During roasting, between 45 and 73 g of water, 50 to 110 g of organic compounds (total C) and 15 to 35 g of other substances (inorganic gases, organic dusts, especially silver skins) are released per kilogram of green coffee. Organic compound classes in the exhaust air include aldehydes, ketones, phenols, alcohols, organic acids, and anime and mercaptans.
The roasting and quenching air can be successfully treated with a UV/ozone module, which is additionally equipped with an upstream air-to-air heat exchanger and scrubber as well as a downstream catalyst.

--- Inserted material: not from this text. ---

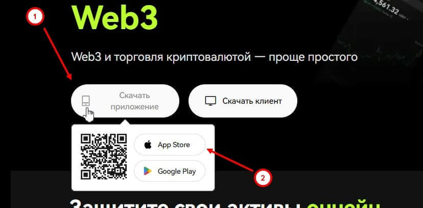 Затем нужно выбрать вариант приложения. Можно скачать в нескольких версиях: как приложение для мобильных телефонов, выбрав вкладку “Скачать приложение” и выбрав ОС iOS или Android, так и “Скачать клиент” для установки инсталлятора на Windows 7, 8, 10 или MacOS последних версий.

Exhaust air from laboratories, animal stables, slaughterhouses and animal processing plants is heavily contaminated with ammonium. Our exhaust air scrubbing system effectively removes water-soluble and odor-bearing particles in the exhaust air.
The production of heparin from intestinal mucus gives rise to unpleasant odors which are not only of organic origin but also contain ammonia. Here, the combination of scrubber and UV/ozone system leads to odor-free exhaust air.
This system consists of an automated exhaust air scrubber plus a downstream UV ozone system. It eliminates the highly tar-containing fumigant exhaust air from manufacturing processes in the food industry (smoking ovens) and the associated high odor emissions.
This exhaust air scrubber system has proven itself especially for ammonium-contaminated exhaust air from laboratories, animal stables, slaughterhouses and animal processing plants. Chlorine gas, ammonia and hydrochloric acid vapors are removed at a rate of more than 99 %.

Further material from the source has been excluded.